/---

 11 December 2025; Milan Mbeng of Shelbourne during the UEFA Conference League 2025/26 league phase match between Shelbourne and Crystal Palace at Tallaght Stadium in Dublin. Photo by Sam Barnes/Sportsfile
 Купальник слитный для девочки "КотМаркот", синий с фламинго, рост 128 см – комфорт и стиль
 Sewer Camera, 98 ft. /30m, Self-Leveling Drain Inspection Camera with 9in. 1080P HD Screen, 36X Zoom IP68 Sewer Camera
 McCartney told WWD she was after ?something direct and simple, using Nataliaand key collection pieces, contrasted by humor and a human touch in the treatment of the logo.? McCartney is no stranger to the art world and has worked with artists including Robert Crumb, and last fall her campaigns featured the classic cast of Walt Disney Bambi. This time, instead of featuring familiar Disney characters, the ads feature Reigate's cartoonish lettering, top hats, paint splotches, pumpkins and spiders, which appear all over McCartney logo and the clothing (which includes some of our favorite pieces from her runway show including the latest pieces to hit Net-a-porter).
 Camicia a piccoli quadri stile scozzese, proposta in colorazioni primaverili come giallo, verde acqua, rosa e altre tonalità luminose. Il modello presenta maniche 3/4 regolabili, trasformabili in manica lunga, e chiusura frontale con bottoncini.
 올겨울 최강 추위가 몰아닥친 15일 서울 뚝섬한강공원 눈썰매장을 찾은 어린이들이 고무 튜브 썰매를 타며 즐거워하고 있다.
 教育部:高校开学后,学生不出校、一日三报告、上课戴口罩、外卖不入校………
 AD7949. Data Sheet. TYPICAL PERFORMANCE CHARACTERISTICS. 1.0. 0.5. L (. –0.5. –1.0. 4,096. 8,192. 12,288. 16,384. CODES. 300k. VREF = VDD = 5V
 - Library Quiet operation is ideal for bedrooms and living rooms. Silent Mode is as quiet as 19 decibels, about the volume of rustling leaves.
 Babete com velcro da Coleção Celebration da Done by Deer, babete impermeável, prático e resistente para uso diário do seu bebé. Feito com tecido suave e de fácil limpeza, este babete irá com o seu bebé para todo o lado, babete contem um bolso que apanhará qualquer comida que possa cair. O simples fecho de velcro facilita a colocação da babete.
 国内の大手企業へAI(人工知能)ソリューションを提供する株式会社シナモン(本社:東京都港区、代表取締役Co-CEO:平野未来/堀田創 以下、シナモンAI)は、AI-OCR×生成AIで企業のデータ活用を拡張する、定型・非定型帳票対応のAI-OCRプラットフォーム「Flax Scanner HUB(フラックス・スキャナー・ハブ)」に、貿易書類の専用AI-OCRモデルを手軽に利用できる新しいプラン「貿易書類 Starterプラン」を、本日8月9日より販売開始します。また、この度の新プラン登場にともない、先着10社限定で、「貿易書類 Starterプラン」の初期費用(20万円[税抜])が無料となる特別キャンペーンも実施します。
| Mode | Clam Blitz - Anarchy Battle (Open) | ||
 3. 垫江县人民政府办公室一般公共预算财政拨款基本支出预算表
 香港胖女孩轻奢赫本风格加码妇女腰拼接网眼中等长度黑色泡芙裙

\---

Directions for this task: Transcribe the data above completely and exactly.

Written solution:
 11 December 2025; Milan Mbeng of Shelbourne during the UEFA Conference League 2025/26 league phase match between Shelbourne and Crystal Palace at Tallaght Stadium in Dublin. Photo by Sam Barnes/Sportsfile
 Купальник слитный для девочки "КотМаркот", синий с фламинго, рост 128 см – комфорт и стиль
 Sewer Camera, 98 ft. /30m, Self-Leveling Drain Inspection Camera with 9in. 1080P HD Screen, 36X Zoom IP68 Sewer Camera
 McCartney told WWD she was after ?something direct and simple, using Nataliaand key collection pieces, contrasted by humor and a human touch in the treatment of the logo.? McCartney is no stranger to the art world and has worked with artists including Robert Crumb, and last fall her campaigns featured the classic cast of Walt Disney Bambi. This time, instead of featuring familiar Disney characters, the ads feature Reigate's cartoonish lettering, top hats, paint splotches, pumpkins and spiders, which appear all over McCartney logo and the clothing (which includes some of our favorite pieces from her runway show including the latest pieces to hit Net-a-porter).
 Camicia a piccoli quadri stile scozzese, proposta in colorazioni primaverili come giallo, verde acqua, rosa e altre tonalità luminose. Il modello presenta maniche 3/4 regolabili, trasformabili in manica lunga, e chiusura frontale con bottoncini.
 올겨울 최강 추위가 몰아닥친 15일 서울 뚝섬한강공원 눈썰매장을 찾은 어린이들이 고무 튜브 썰매를 타며 즐거워하고 있다.
 教育部:高校开学后,学生不出校、一日三报告、上课戴口罩、外卖不入校………
 AD7949. Data Sheet. TYPICAL PERFORMANCE CHARACTERISTICS. 1.0. 0.5. L (. –0.5. –1.0. 4,096. 8,192. 12,288. 16,384. CODES. 300k. VREF = VDD = 5V
 - Library Quiet operation is ideal for bedrooms and living rooms. Silent Mode is as quiet as 19 decibels, about the volume of rustling leaves.
 Babete com velcro da Coleção Celebration da Done by Deer, babete impermeável, prático e resistente para uso diário do seu bebé. Feito com tecido suave e de fácil limpeza, este babete irá com o seu bebé para todo o lado, babete contem um bolso que apanhará qualquer comida que possa cair. O simples fecho de velcro facilita a colocação da babete.
 国内の大手企業へAI(人工知能)ソリューションを提供する株式会社シナモン(本社:東京都港区、代表取締役Co-CEO:平野未来/堀田創 以下、シナモンAI)は、AI-OCR×生成AIで企業のデータ活用を拡張する、定型・非定型帳票対応のAI-OCRプラットフォーム「Flax Scanner HUB(フラックス・スキャナー・ハブ)」に、貿易書類の専用AI-OCRモデルを手軽に利用できる新しいプラン「貿易書類 Starterプラン」を、本日8月9日より販売開始します。また、この度の新プラン登場にともない、先着10社限定で、「貿易書類 Starterプラン」の初期費用(20万円[税抜])が無料となる特別キャンペーンも実施します。
| Mode | Clam Blitz - Anarchy Battle (Open) | ||
 3. 垫江县人民政府办公室一般公共预算财政拨款基本支出预算表
 香港胖女孩轻奢赫本风格加码妇女腰拼接网眼中等长度黑色泡芙裙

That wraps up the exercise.